On September 11, 2001, the world changed. Those of us who sat glued to our television sets and witnessed the horrific events unfolding in New York will ever forget the sadness that filled our souls at the loss of life and property. On Sunday we celebrated the tenth anniversary of the destruction of the twin towers.

As I watched the families of the victims talk about their loved ones who died, I grieved along with them. I also rejoiced with those who told of their survival and heroic measures taken by rescuers. In the midst of chaos, emergency personnel went to work to try and find anyone who might still be buried underneath the mountain of rubble.

The last survivor to be pulled from the carnage was Genelle Guzman-McMillian. She lay buried with her leg crushed in the remainder of the first tower for 27 hours before she was pulled to safety. Since she could only squeeze her fingers through the debris on top of her, rescuers had a hard time spotting her. But that wasn’t the most amazing thing that happened to her that day. While she lay buried, a man named Paul grabbed her hand, called her by name, and told her he was there for her. 

However, when she was rescued, she realized there was no way a man could have gotten in or out of the space where she lay. There was no man named Paul there when she was pulled free, and he has never been found. She believes she had an angelic encounter, and the experience changed her life. She knew it was a wakeup call from God and that she had been saved for a reason. She turned her life over to God, joined Brooklyn Tabernacle Church, and now travels the world giving her testimony and encouraging people to not put off their salvation.

Her book Angel in the Rubble released last month from Howard, and she is using the book as a means of getting her message out to the world. Of her new direction in life, she says, “It’s not about what we want but it’s about Jesus Christ and what He wants us to do in this life that we’re living.”

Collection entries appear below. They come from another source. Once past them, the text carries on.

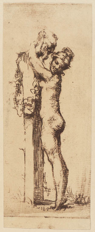 Naakte vrouw omhelst een herme
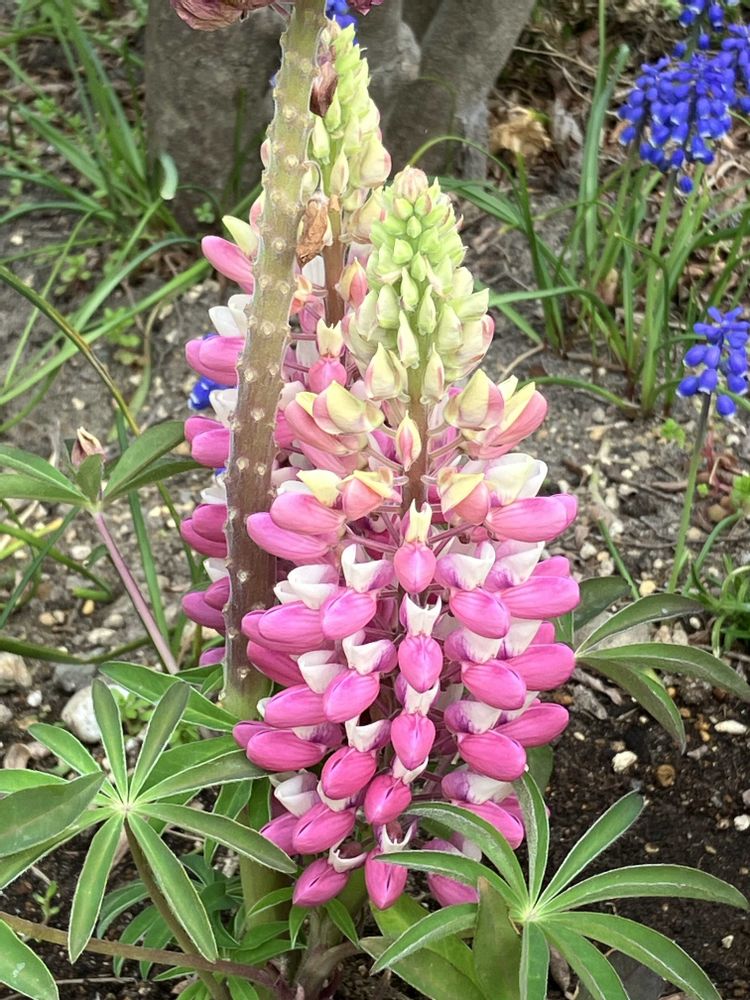ルピナスをお迎えしました。ツバキや八重咲きスイセン、チューリップも開花中。🤗🤗🤗
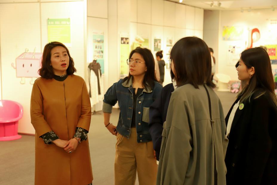 跟随学生讲解员的脚步,“创意涌动,万象新生”、“同育新人,实践赋能”、“志愿微光,共创美好”、“非遗传承,薪火永续”四个篇章娓娓道来,以“展板+实物”的形式融汇了学院六系三部各年级、各专业的学生优秀课程作品。值得一提的是,本次展览中展出了由JKF 捷克论坛专业教师陈彬和辅导员葛子墨联合教学的《非遗研培与社会实践》的优秀课程作业,作为上海市一流本科课程,聚焦上海崇明土布的发展和创新,其中的两件服饰设计作品还曾前往波兰的国际时装周展出。学院一直致力于建设“1+X”的校园设计文化集群,以“X”为变量,搭载课程、实践、展览等模式,本次“课程成果向集成展览”模式创新取得了青年学子的广泛关注,期待未来能够凝聚更多力量为学生提供宽广的展示舞台。
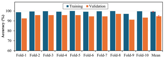 A 10-fold cross-validation strategy validates the generalization ability of the EfficientNet-based model. This approach rigorously tests the performance of the model across different data subsets, minimizing the risk of overfitting and ensuring that the results are not dependent on any specific data split. The results derived from our 10-fold cross-validation are shown in Figure 8. It can be observed that the training and validation accuracies are consistent among all folds. The mean accuracies for 10-fold are shown in the last columns, indicating training and validation accuracies of (99.30 ± 0.82)% and (94.67 ± 1.72)%, respectively. The low standard deviation in both training and validation accuracies indicates that the performance of the model is stable and reliable across different data splits. This further confirms the robustness of the EfficientNet-based model for SHM applications.
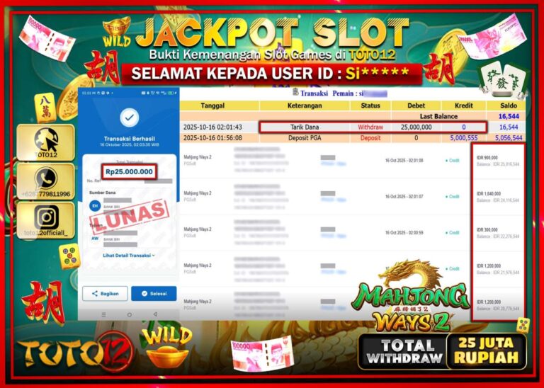 Selamat kepada Member Kami Si****** Telah Jackpot dan berhasil mendapatkan kemenangan besar pada permainan JACKPOT SLOT GAME (MAHJONG WAYS 2) Dengan Kemenangan Sebesar Rp.25.000.000 –. Setelah mengisi Fomulir Withdraw dengan Kurang waktu 1-2 Menit Dana sudah kami Trasnfer kepada Pemilik Userid dan dana sudah dapat di cairkan oleh pemenang. Bukti Pembayaran yang TOTO12 berikan merupakan Bukti…
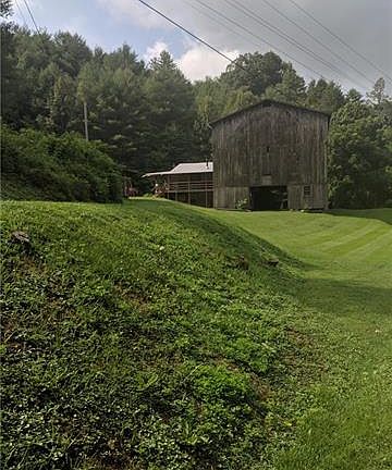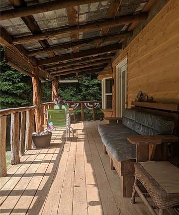Cabin like structure with rustic wrap around porch. Finished downstairs with tile floor, with carpet in the 2 bedrooms. Open main floor with master bedroom and bathroom.
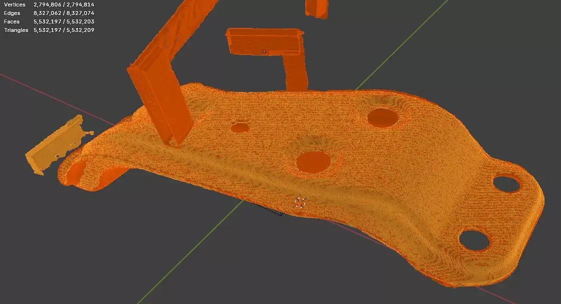 Scanned at 0.2mm. 2,794,814 vertices, 5,532,209 faces. All fixtures and bolt locations identified. Scale Block is left in the scans for users verification. Scale Block is 20mm x 60.7mm x 9mm.
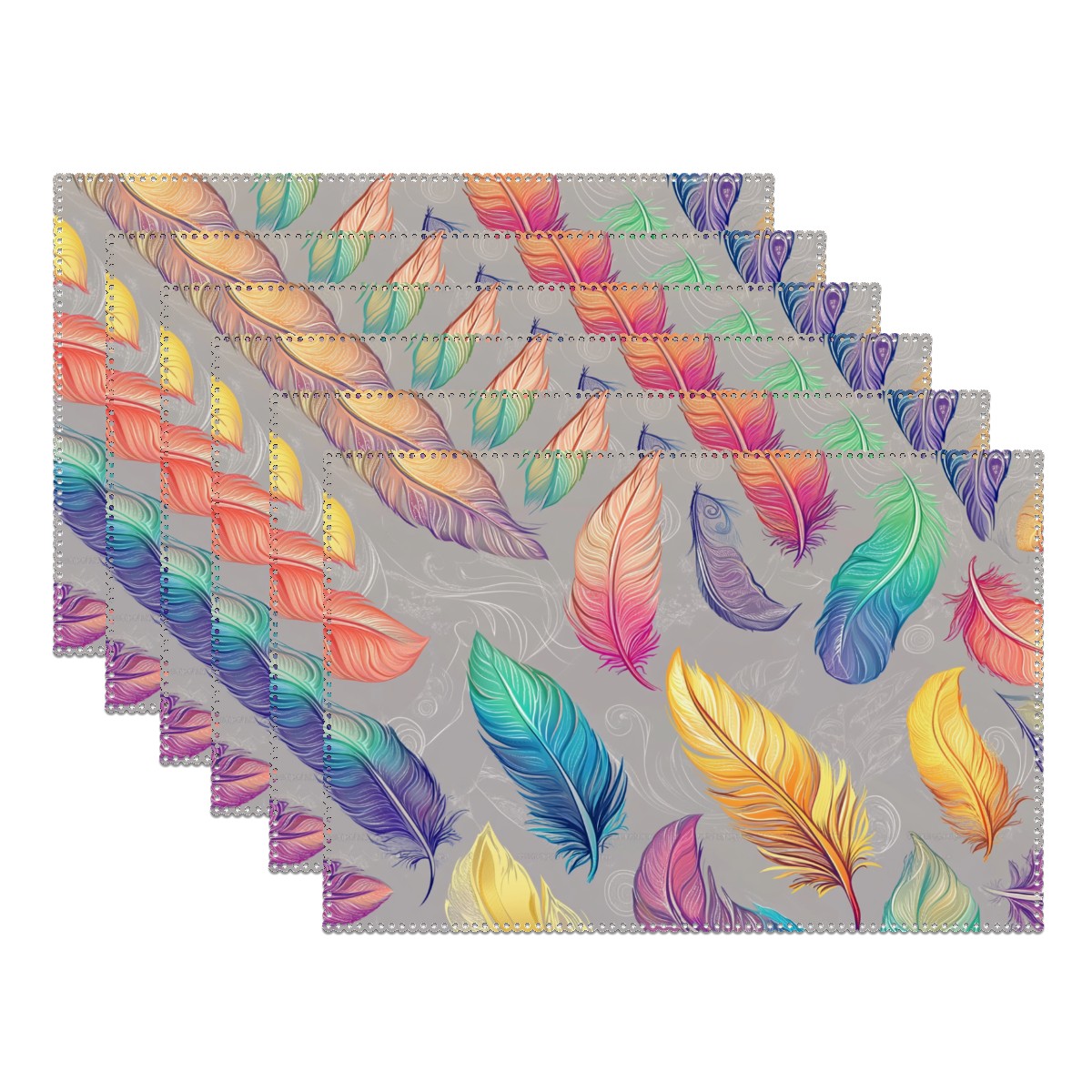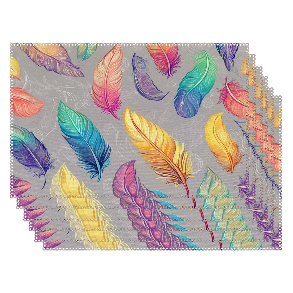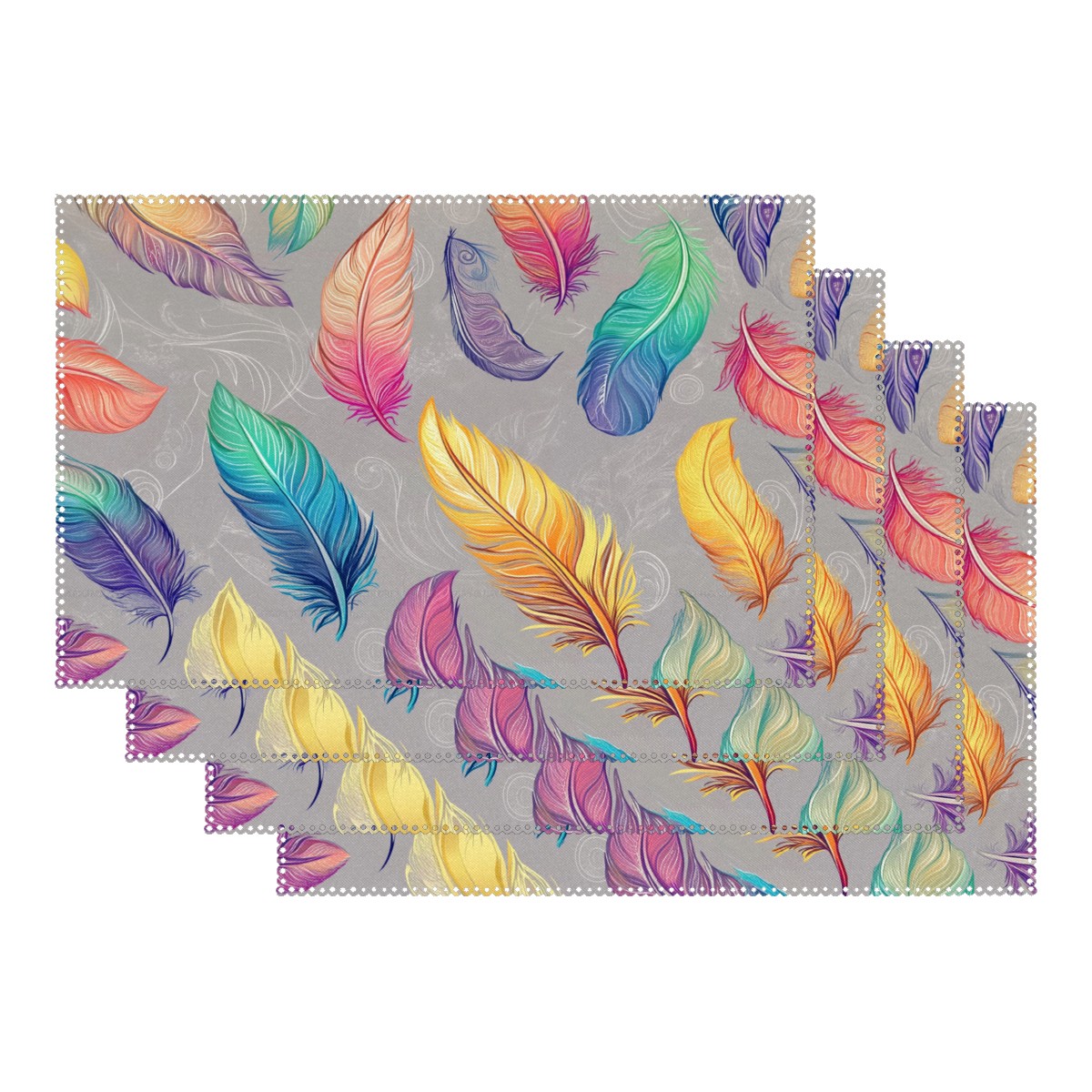 Home Brilliant Placemats Heat Resistant Dining Table Place Mats Plate Mat Cloth Placemat Seasonal Holiday Kitchen Tablecloth Indoor Outdoor Colorful Feather7
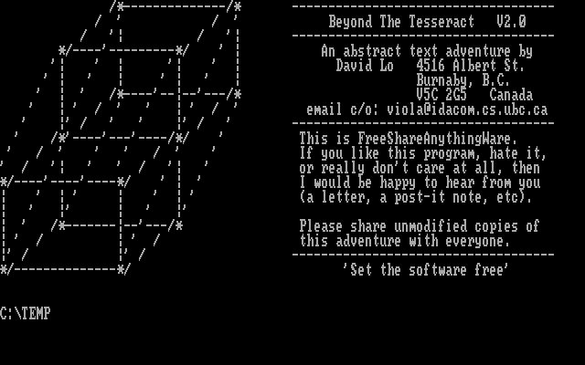 Beyond the Tesseract is a video game published in 1988 on DOS. It's an adventure game, set in an interactive fiction, sci-fi / futuristic and puzzle elements themes.
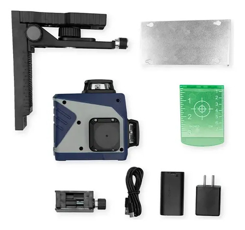 El nivel láser también incorpora un punto de plomada, lo que añade precisión a las tareas de verticalidad. Además, viene con un conjunto de accesorios que incluye un soporte, cargador, batería, cable USB, placa de metal y tarjeta de puntería, proporcionando todo lo necesario para comenzar a trabajar de inmediato.

Gary Tuchman, CNN national correspondent says of the book: Even though we know Genelle was “the last survivor,” the detail in this book is intricate and tense; as you read each word it makes you angry, sorrowful, and incredulous all over again. But the underlying story of Genelle’s strength, fortitude, faith, and kindness is a vivid and important reminder that good is far more powerful than the evil we saw that day.

What is an outstanding memory you have of September 11, 2001? We’d like for you to share it with us.  

1 comment :

  1. Both books look very interesting. ANGEL IN THE RUBBLE in particular.

    I can remember the disbelief. Even after seeing it on my television screen for the umpteenth time.